→ **EXERCISE BRIEF**:
Determine the number of lines in these entries that hold the word "территориальных". Give the number and nothing more.
[SOURCE INFORMATION Boundary: Start]
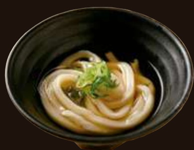
小おうどん ¥380 温または冷
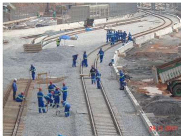
Via Permanente Fase II: Dormentes, trilhos e AMV's.
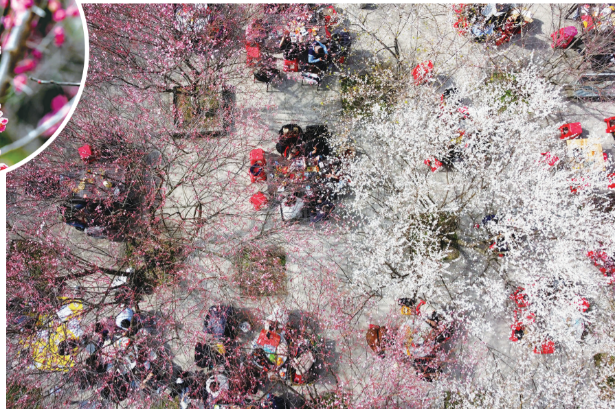
林阳禅寺内，游客在梅花下喝茶赏花，甚是惬意
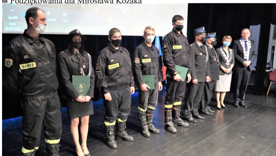
■ Przedstawiciele OSP z gminy Sobótka
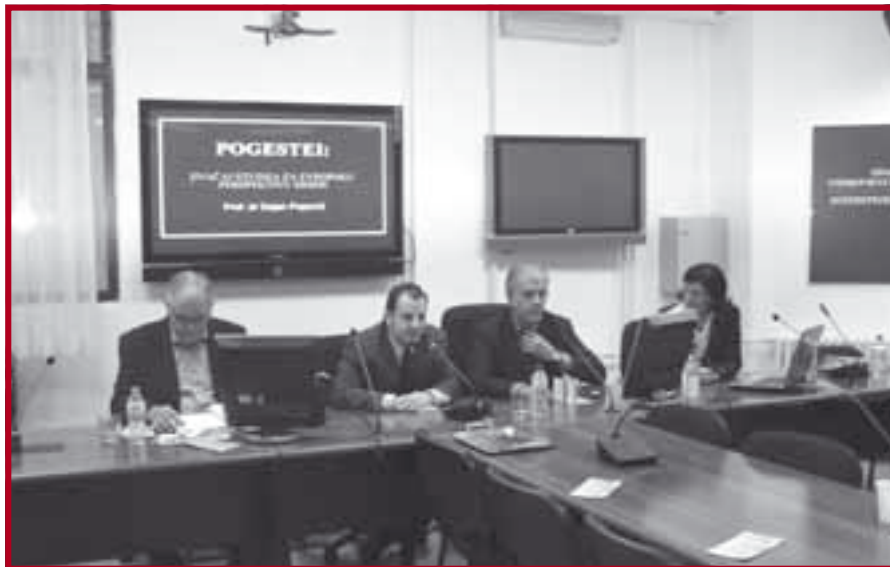
Са презентације нових дипломских академских студија Мастер европских интеграција

Договорено је да настава на овом програму почне 15. фебруара 2008. године и траје до 15. фебруара 2009. године. Наставу на енглеском језику држаће професори Правног факултета Универзитета у Београду, у сарадњи с гостујућим предвачима из Конзорцијума европских фа-
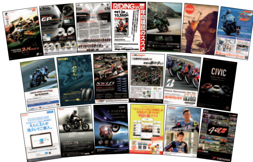
A4 カラー 68p 12,000部発行

株式会社アライヘルメット 株式会社オフィスとらくしよん 株式会社カワサキモータースジャパン コカ・コーラ ボトラーズジャパン株式会社 昭和電機株式会社 株式会社スズキ二輪 住友ゴム工業株式会社 株式会社東京発条製作所 一般財団法人日本モーターサイクルスポーツ協会 (MFJ) 株式会社ブリヂストン 本田技研工業株式会社 株式会社ホンダファイナンス 株式会社ホンダモーターサイクルジャパン 株式会社ミツバ ヤマゼンコミュニケーションズ株式会社 ヤマハ発動機販売株式会社 横浜ゴム株式会社
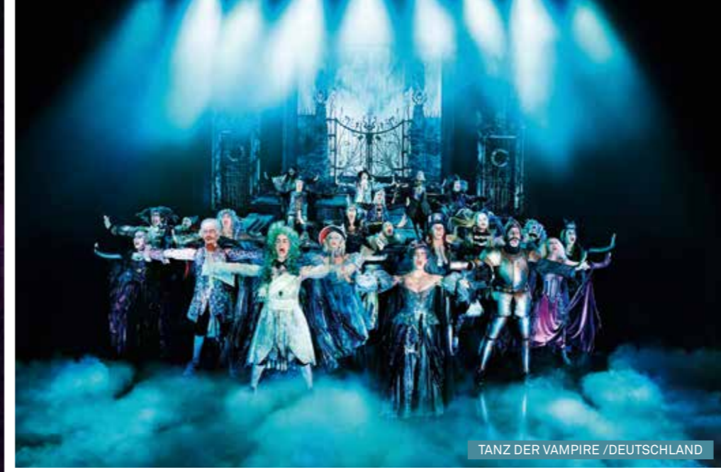
TANZ DER VAMPIRE / DEUTSCHLAND
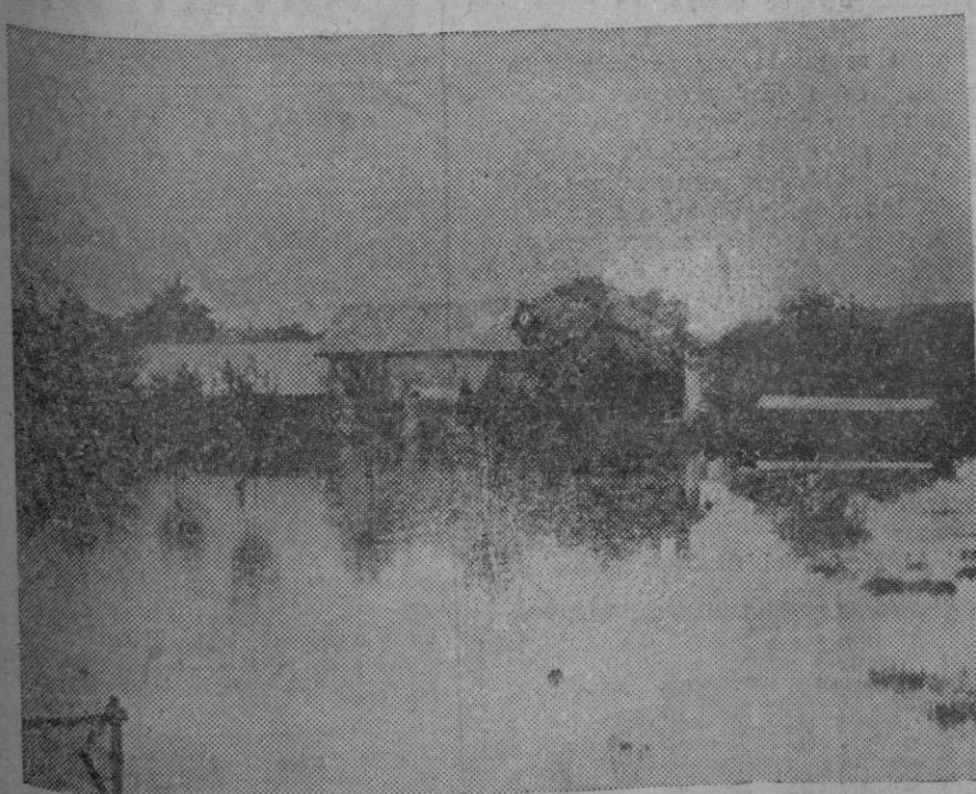
A consecuencia de la fuerte crecida del río Rhone motivada por las fuertes lluvias recientes, se ha desbordado en Suiza en los pueblos del Valais, inundando grandes cantidades de terrenos. Una granja del Valais bajo el agua.
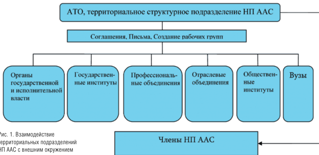
Рис. 1. Взаимодействие территориальных подразделений НП ААС с внешним окружением

территориальных отделений. Руководством НП ААС решен вопрос о распределении ответственности членом Совета ТО, т.е. за каждым членом закреплена профильная региональная комиссия.
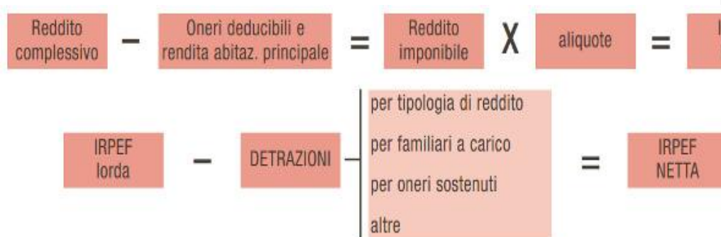
Tabella degli scaglioni e aliquote Irpef 2011

Schema di calcolo della tassazione Irpef annua sui redditi complessivamente percepiti:
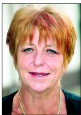
Von Irene Feuerstack Allianz-General- vertretung Osterwieck

letzt, ist die Berufsgenossenschaft zuständig. Sie übernimmt u. a. Heilkosten und zahlt bei schweren Dauerschäden gegebenenfalls eine Rente.
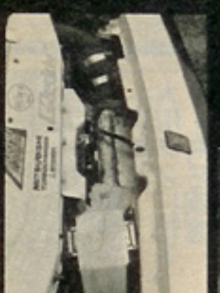
▲CDとインタークーラ ーはもちろん装着
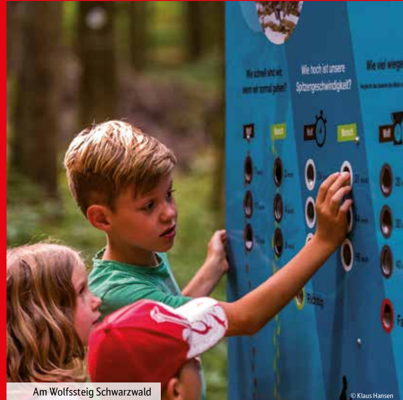
Am Wolfssteig Schwarzwald
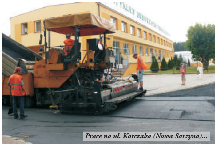
Prace na ul. Korczaka (Nowa Sarzyna)...

Wkrótce rozpocznie się budowa nowej nawierzchni na ulicy Leśnej w Nowej Sarzynie, w Rudzie Łańcuckiej (za remizą) i dwóch dróg w Wólce Łętowskiej (tzw. droga "zagięta" i w kierunku Krzywd). Rozstrzygnięto również przetarg na drugi etap przebudowy drogi do cmentarza w Majdanie Łętowskim. Rozpoczną się także bieżące remonty dróg w Judaszówce i w Jelnej (koło kościoła). Burmistrz przekazał Starostwu dotację na remont dróg powiatowych - 350 tys. zł w Rudzie Łańcuckiej, ponad 22 tys. zł w Łętowni (w kierunku Krzywd) oraz 4 tys. zł na dokumentację projektową chodnika w Majdanie Łętowskim (od skrzyżowania z drogą w kierunku Kuligów do gimnazjum).
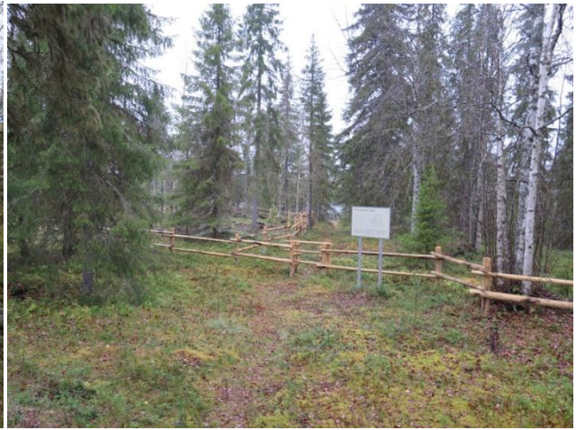
Opasteen kodalta jälkeen
[SOURCE INFORMATION Boundary: End]
→ **RESPONSE TO THE EXERCISE**:
2